100 international participants gathered and the focus of debate centered on a single molecule: heparin. Late last year, leading glycosaminoglycan specialists convened to discuss the future of this anticoagulant drug that saves more than 100 million lives every year, and we had the opportunity to talk to some of them.

Dr. Jawed Fareed, Prof. Pathology and Pharmacology Loyola University Medical Centre

Heparin is the first anticoagulant drug which is used to keep the blood in fluid state and initially, when it was discovered, we needed something to do surgeries, to keep the blood from clotting. So for such a long time, it is the only drug, which can be given to patients to keep the blood in fluid state and not have any thrombosis.

Prof.
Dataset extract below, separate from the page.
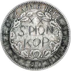 ANGLO-BOER WAR TRENCH ART, South Africa, ZAR, Kruger silver shillings, the first dated 1897 with obverse finely engraved to add a pipe to President Kruger's mouth and a patterned hat to his head; the second with date altered to 1900 and with obverse finely engraved to add a pipe to President Kruger's mouth and a patterned hat to his head, the reverse with engraved addition to legend of, 'Relief Of Ladysmith' and the centre details removed and engraved, 'XX/Spion/Kop'; the last undated and with obverse finely engraved to add a pipe to President Kruger's mouth and a patterned hat to his head, the reverse design has been removed and engraved with a crowned cross with stars and a central lion all within a wreath (the crest of NSW Military Forces) and at the top, 'N S W', and at the base, 'Citizen Bushman'. Very fine. (3)

Job Harenberg, Internal Medicine Heidelberg University

"1 in 4 deaths worldwide is related to thrombosis"

Cardiovascular diseases such as myocardial infarction, stroke, urinal diseases, thrombosis, pulmonary embolism…, they are currently about 12 million per year in all over the world, and of this about 30% of these patients they will die about just from pulmonary embolism caused by deep vein thrombosis. And this number is increasing over the next 10 years by about a 30%.

Symposium: Heparin’s centenary (Milan, September 2016)

Dr. Annamaria Naggi, Director Ronzoni Institue

Now is the centenary of the discovery of heparin and we wanted to celebrate this with a meeting, an extra meeting, and we collect a number of people, we are very happy that the initiative had a success.

Zachary Shriver, Harvard-MIT Division of Health Sciences & Technology

"In 2008, more than 100 people died in the USA for contaminated heparin produced in China"

So, what I will be speaking about today is at recent efforts really to take molecular level characterization techniques and apply them to the control of heparin and make sure that heparin is safe, and this evolved out of the situation that occurred in early 2008 where heparin unfortunately was laced with a contaminant called oversulfated chondroitin sulfate and that, unfortunately, caused some severe reactions in people, patients who were receiving heparin and ultimately probably lead to some patients deaths.

Well, I can’t say it’s never going to happen again. I would say it would be very, very difficult at this point for contaminated like oversulfated chondroitin sulfate to reenter the heparin supply chain.

Dr. Jawed Fareed, Prof. Pathology and Pharmacology Loyola University Medical Centre

For the anticoagulant purposes, I think the unfractionated heparin as we have used for the past 50 years, will still be the drug of choice. The synthetic drugs are very useful, they can be used for preventing thrombosis and some other purposes, but they cannot be used for surgical purposes, they cannot be used like for open heart surgery inmuno-dialysis because these drugs are single target drugs.

Dr. Annamaria Naggi, Director Ronzoni Institue

Heparin has one hundred years but we have more to do after this, more and more to study, and also the use of heparin for the future is open. Heparin has a future now.